Throughout that summer, Mahler worked steadily
on a vast movement in sonata form and in the
same key as the funeral march from Beethoven’s
Eroica Symphony. But once he had finished it, he
didn’t know how to continue and wrote nothing
for the planned symphony for another five
years. In time, as Mahler started to think of the
movement as an independent piece, he wrote the
word Todtenfeier (Funeral rite) at the top of the
manuscript. In 1891, he played through the piece
at the piano for Hans von Bulow. The influential
conductor held his hands to his ears and told him
that this wasn’t music as he knew it.
By 1893, Mahler was determined to produce a
symphony. First, he revised his earlier two-part
symphonic poem and called it his First Symphony.
That summer, he returned to Todtenfeier and wrote
two new movements to go with it—an andante
and a scherzo—the beginnings of a second
symphony. Ironically, it was at Bulow’s funeral
in February 1894 that Mahler heard Klopstock’s
“Resurrection Ode” and envisioned a choral finale
as a counterweight to the movement Bulow had
disliked. The rest of the symphony came together
quickly. That spring he revised the first movement
and sketched the last.

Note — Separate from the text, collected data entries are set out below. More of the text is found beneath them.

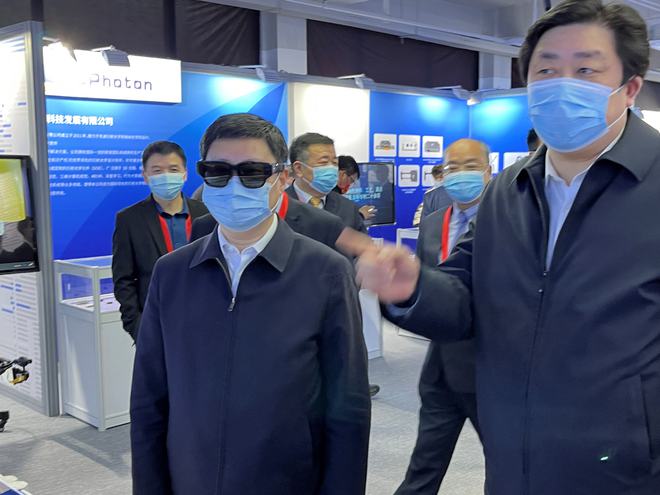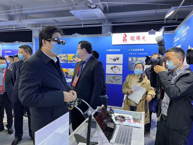 在现场,无锡市代市长赵建军、锡山区委书记周文栋在现场亲自佩戴体验了INMO Air AR智能眼镜并给予了高度评价。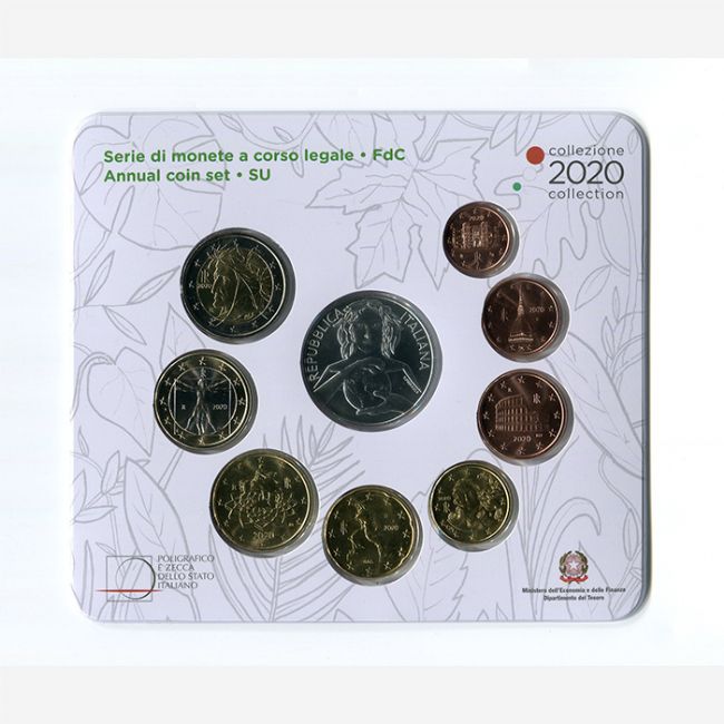 Repubblica Italiana, Ministero dell'Economia e delle Finanze Dipartimento del Tesoro, emissione numismatica per la collezione di monete euro a corso legale, annual coin set, coniate dalla zecca poligrafico dello Stato Italiano. Serie di monete euro versione fior di conio (fdc) anno 2020 con moneta commemorativa in argento da 5 euro, per celebrare l'anno internazionale della salute delle Piante. Il set di monete euro è composta da: 1-2-5-10-20-50 euro centesimi, 1-2 euro e 5 euro in argento 925%, tutte le monete sono riunite nella confezione originale della zecca.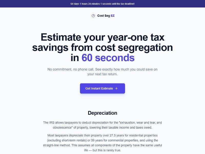 Primary Use Case: Ideal for tax professionals, cost segregation firms, or real estate advisors needing a ready-made landing page template to educate investors and drive estimate or consultation requests.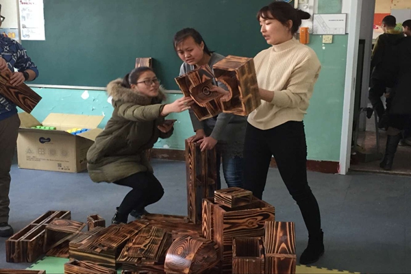 抵达燎原小学后,参与活动人员自行分成两组,对两间教室进行打扫布置。在与燎原小学同学们的相互协助下,对墙壁上杂物和地面清理,随后将课桌椅仔细擦拭,很快将教室清理完毕。之后协助老师搭建积木,所有成员积极参与,或是提出建议或是实际动手搭建,配合之下完成两组积木。本次活动于11点结束。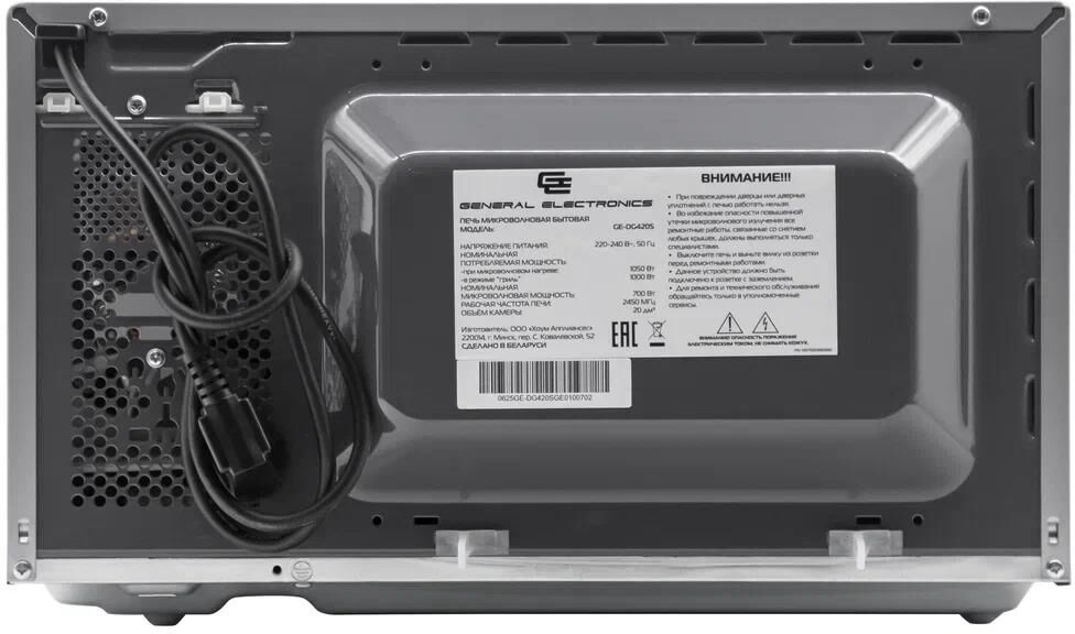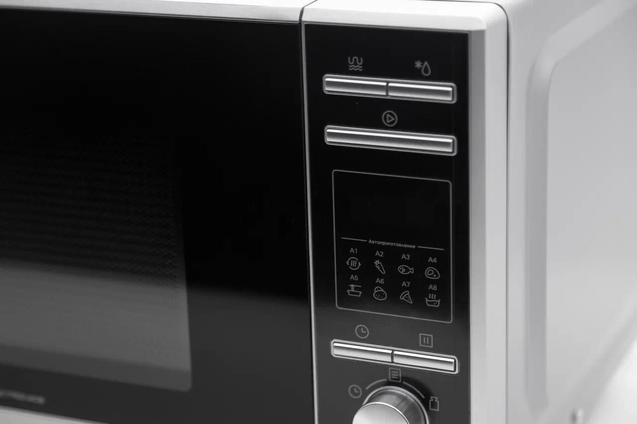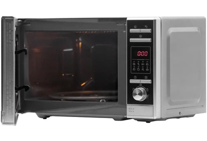 20 Литров, цвет - серебро, мощность 700W, 8 автопрограмм, 5 режимов мощности, гриль - 1000Вт, функция разморозки по весу, быстрый старт, таймер. Сенсорное управление. Потребляемая мощность микроволновой печи (Вт) - 1050. Частота - 2450 MHz. Внутренний размер (ВхШхГ) (мм) - 306*304*206, размер коробки - 488*380*291. Вес (n/g) - 10.3/11.6кг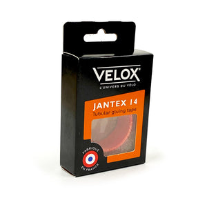 The VELOX Jantex 14 tubular tire rim tape is double-sided and requires no waiting time. This tape is specifically designed for carbon rims with three specific layers for exceptional adhesion. (the tape may also be used to adhere tires to aluminum rims)

In July, after deciding to
add one of his Des Knaben Wunderhorn songs
as an extra movement to set the stage for the
finale, Mahler wrote to Strauss that he had at last
finished his Second Symphony, assuring him that
the new symphony marked a giant step beyond his
first—“as a man to an infant,” is how he put it.
The first movement is one of Mahler’s most
ambitious creations, encompassing music of
tragedy and triumph, vehemence and lyricism.
Mahler once said that it asks “the great question:
Why did you live? Why did you suffer? Is it all
nothing but a huge, cruel jest?” Mahler referred
to the next three movements, shorter and more
lightly scored, as an “interludium.” The Landlerlike
Andante is music of youth and lost innocence.
The third movement, a bitter, slithering scherzo, is
a symphonic expansion of Mahler’s Des Knaben
Wunderhorn song about Saint Anthony of Padua’s
sermon to the fishes. The fourth movement,
opening unexpectedly with the sound of the
human voice, alone at first, is a hymnlike setting of
another Wunderhorn song, “Urlicht” (Primal light).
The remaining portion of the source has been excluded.